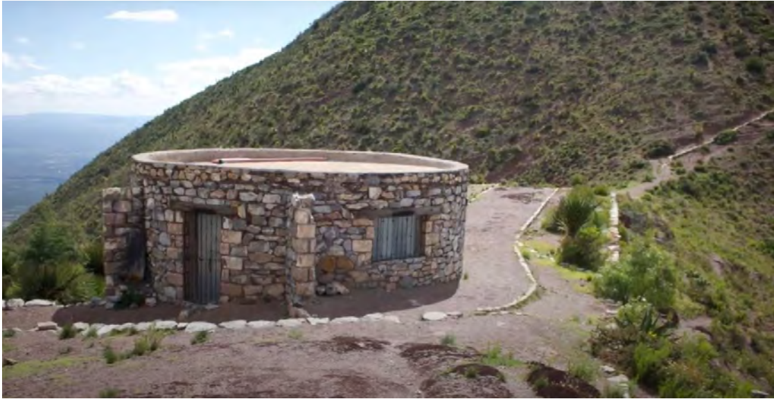
Figura 23. Caseta de Cobro ejidal previo a los últimos 200 metros al centro ceremonial Huichol, punto donde se deja los caballos para subir la última cresta 300 metros antes de llegar al centro ceremonial.
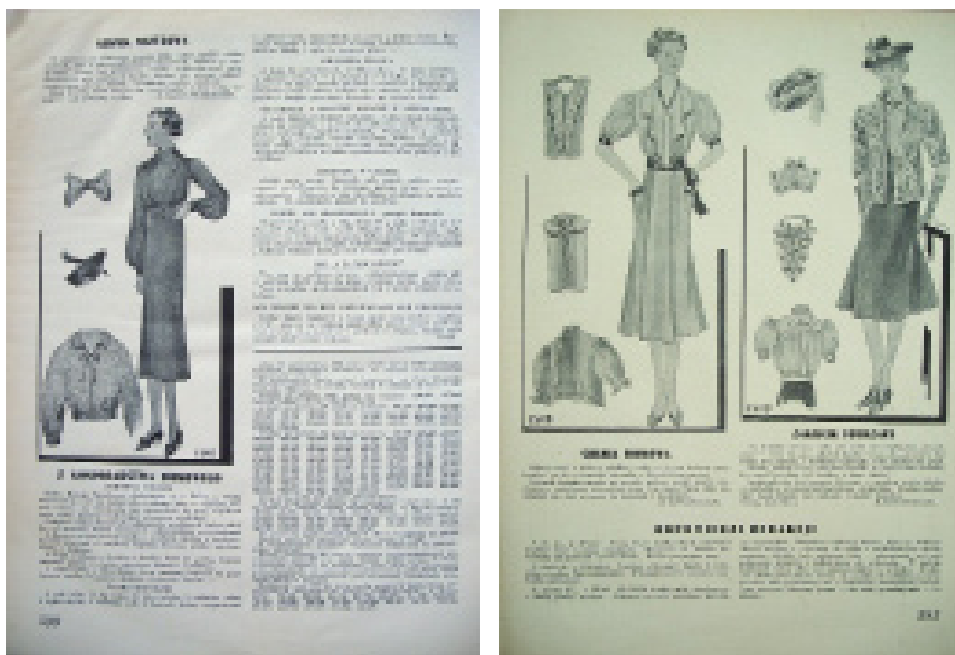
17. Moda w Dziale kobiecym „RP”
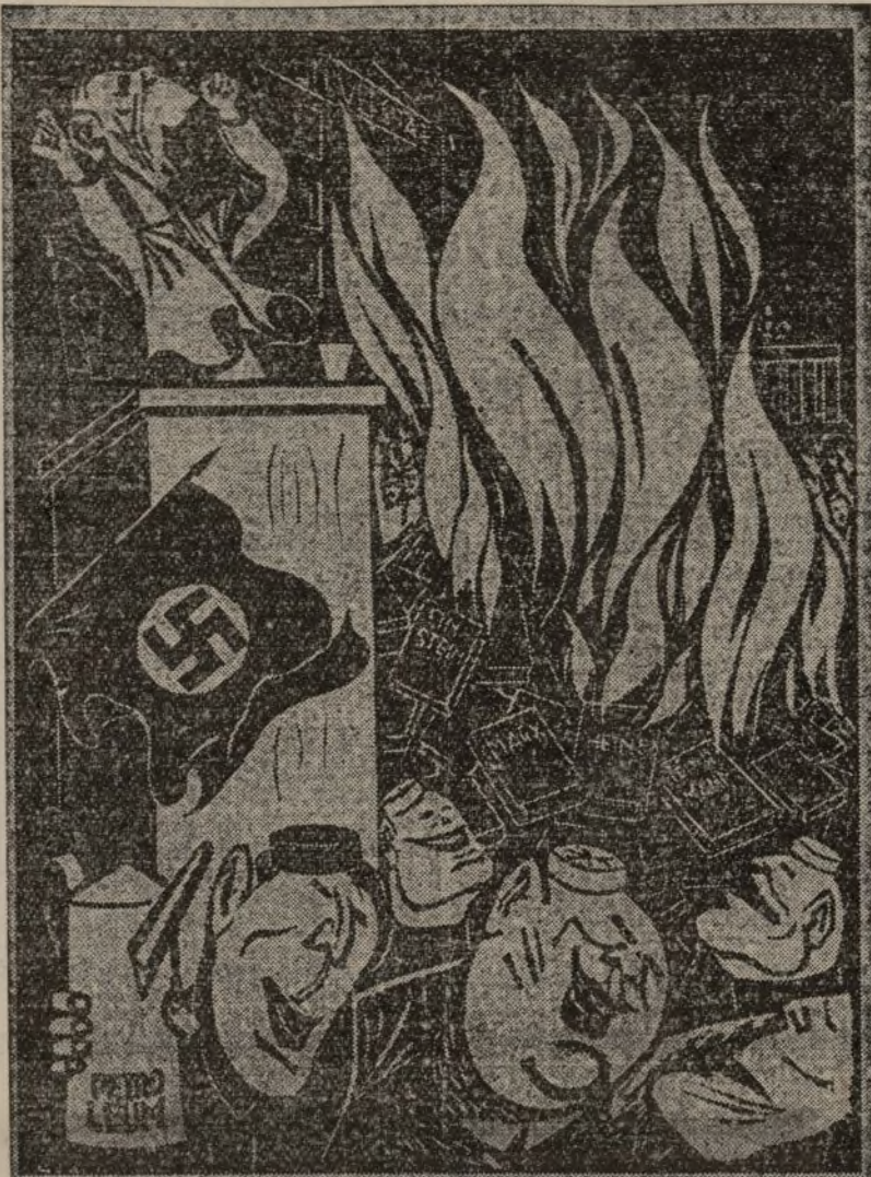
Por orden de Goebbels, fueron quemados los libros de Marx, de Heine, de Einstein y de otros hombres ilustres, patrimonio de la cultura alemana

::::::

What you have to do
The lines from the one containing "17. Moda w Dziale" through the last line above are to be repeated exactly, and only those. Any pictures must be left out.

Task output
17. Moda w Dziale kobiecym „RP”
Por orden de Goebbels, fueron quemados los libros de Marx, de Heine, de Einstein y de otros hombres ilustres, patrimonio de la cultura alemana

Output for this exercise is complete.